Philadelphia Terminals
Notes to Combined Financial Statements
(unaudited)
5. RELATED PARTY TRANSACTIONS
As discussed in “Basis of Presentation” in Note 1, historically, PAA performed certain functions that directly and indirectly supported our operations. These functions primarily related to finance and accounting, legal, information technology, human resources, communications, commercial/marketing services, terminal operations, engineering and environmental, health and safety. Costs related to such functions are included in either operating or general and administrative expenses in our combined financial statements, depending on the nature of the activity, and have been allocated on the basis of direct usage, when identifiable, or allocated on the basis of revenues. These expenses also included labor from employees who are employed by the Parent’s general partner, Plains All American GP, LLC.
Furthermore, other than the treasury function performed by PAA on behalf of the Philadelphia Terminals as also described in “Basis of Presentation” in Note 1, no other transactions between the Philadelphia Terminals and related parties occurred during the three months ended March 31, 2016.
6. COMMITMENTS AND CONTINGENCIES
Contingencies
We are subject to numerous federal, state, and local laws which regulate the discharge of materials into the environment or that otherwise relate to the protection of the environment. We may be involved in regulatory disputes, litigation, and claims arising out of our operations in the normal course of business. However, we are not currently a party to any legal or regulatory proceedings, the resolution of which could have a material adverse effect on our business, financial condition, or results of operations.
Environmental
We record environmental liabilities when environmental assessments and/or remedial efforts are probable and the amounts can be reasonably estimated. Generally, our recording of these accruals coincides with our completion of a feasibility study or our commitment to a formal plan of action. We do not discount our environmental remediation liabilities to present value. We record receivables for amounts recoverable from insurance or from third parties under indemnification agreements in the period that we determine the costs are probable of recovery.

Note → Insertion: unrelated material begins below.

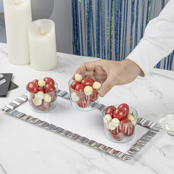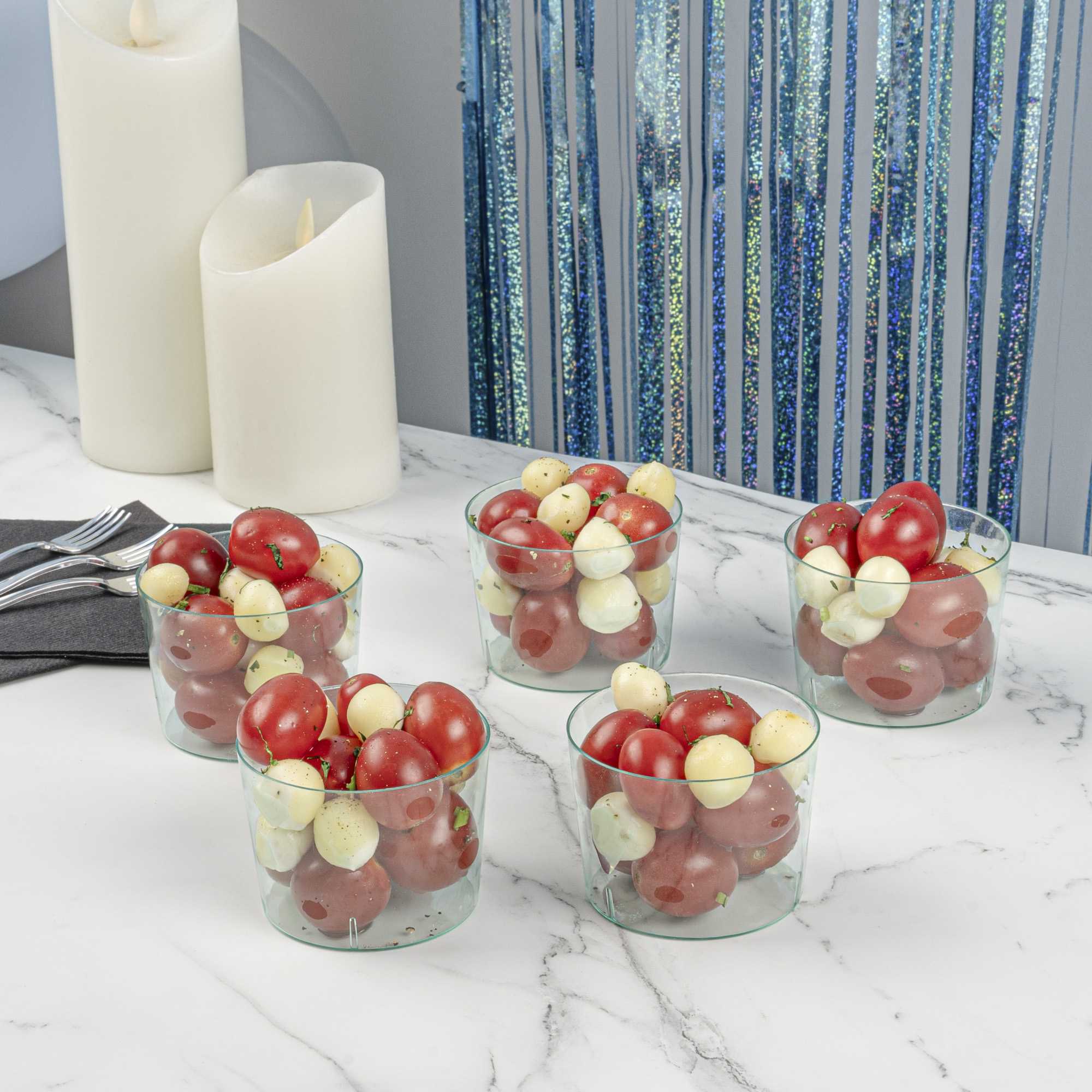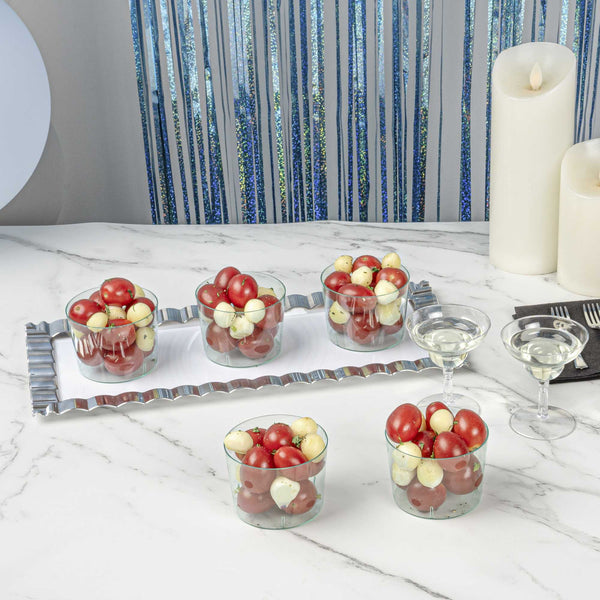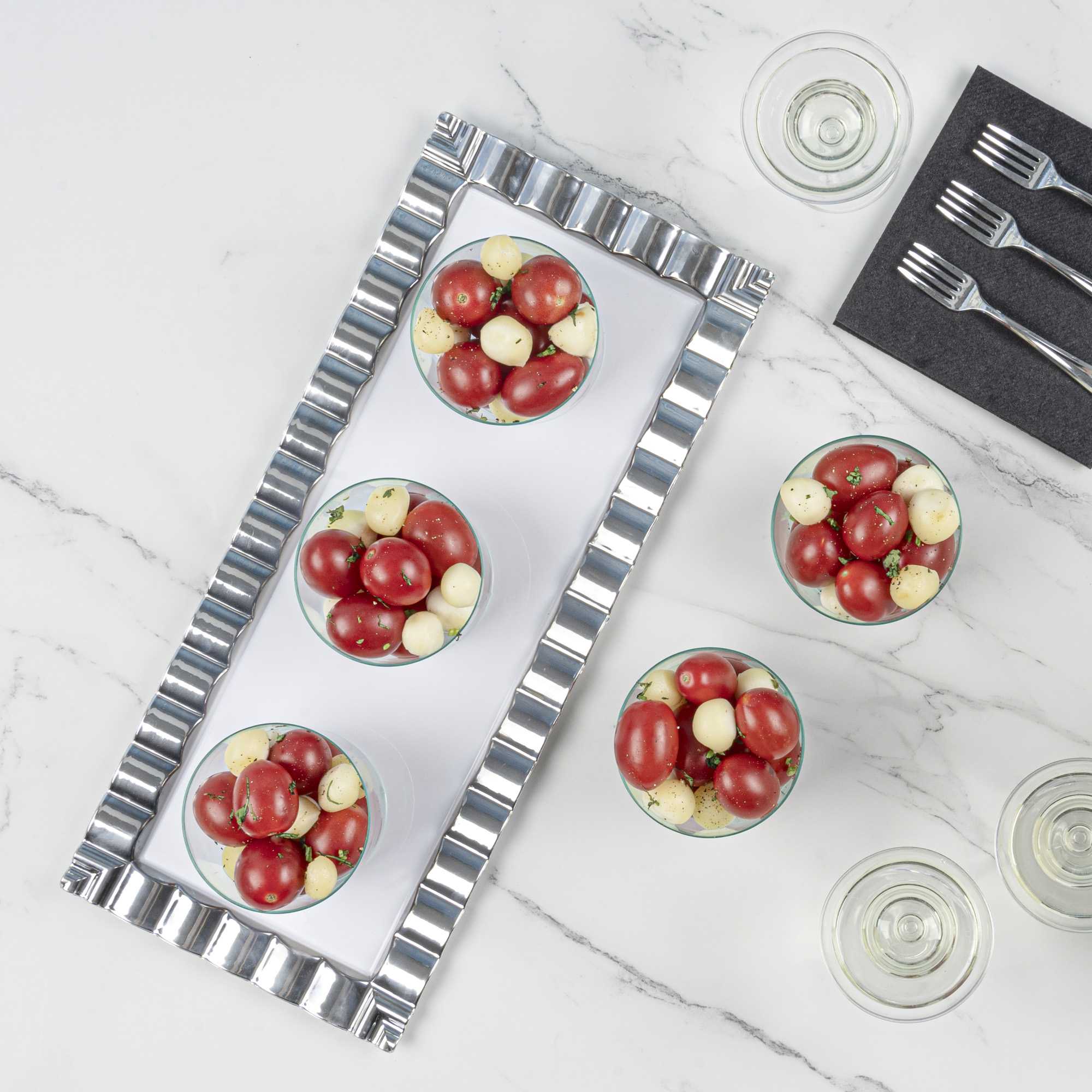 - Crystal clear finish beautifully showcases appetizers and desserts

Environmental expenditures that pertain to current operations or to future revenues are expensed or capitalized consistent with our capitalization policy for property and equipment. Expenditures that result from the remediation of an existing condition caused by past operations and that do not contribute to current or future profitability are expensed.
At March 31, 2016, our estimated undiscounted reserve for environmental liabilities totaled $2.6 million, of which $0.8 million was classified as short-term and $1.8 million was classified as long-term. At December 31, 2015, our estimated undiscounted reserve for environmental liabilities totaled $2.6 million, of which $0.2 million was classified as short-term and $2.4 million was classified as long-term. These short- and long-term environmental liabilities are reflected in “Accounts payable and accrued expenses” and “Total long-term liabilities,” respectively, on our Combined Balance Sheets, and primarily relate to the Paulsboro terminal. In 2011, the New Jersey Department of Environmental Protection issued a Consent Judgment for the Paulsboro facility. PAA and Kinder Morgan Liquids Terminals (“KMLT”) were deemed responsible for remediating the Eastern Tank Field area. Based on the terms of an indemnity agreement, PAA and KMLT share the costs of $2.4 million (50/50) while PAA remains the operator and constructs and operates the remediation system. At both March 31, 2016 and December 31, 2015, we recorded receivables totaling $1.2 million on our Combined Balance Sheets for amounts probable of recovery from KMLT related to these liabilities. At March 31, 2016, $0.3 million was classified as short-term and $0.9 million was classified as
Philadelphia Terminals
Notes to Combined Financial Statements
(unaudited)
long-term. At December 31, 2015, substantially all was classified as long term. These short- and long-term environmental liabilities are reflected in “Accounts receivable, net” and “Other long-term assets,” respectively, on our Combined Balance Sheets. During the quarter ended March 31, 2016 and 2015, $17 thousand and $16 thousand, respectively, of expense was recognized in operating expense, net of amounts receivable.
7. SUBSEQUENT EVENTS
We did not identify any subsequent events or transactions through June 22, 2016, the date the accompanying combined financial statements were available to be issued.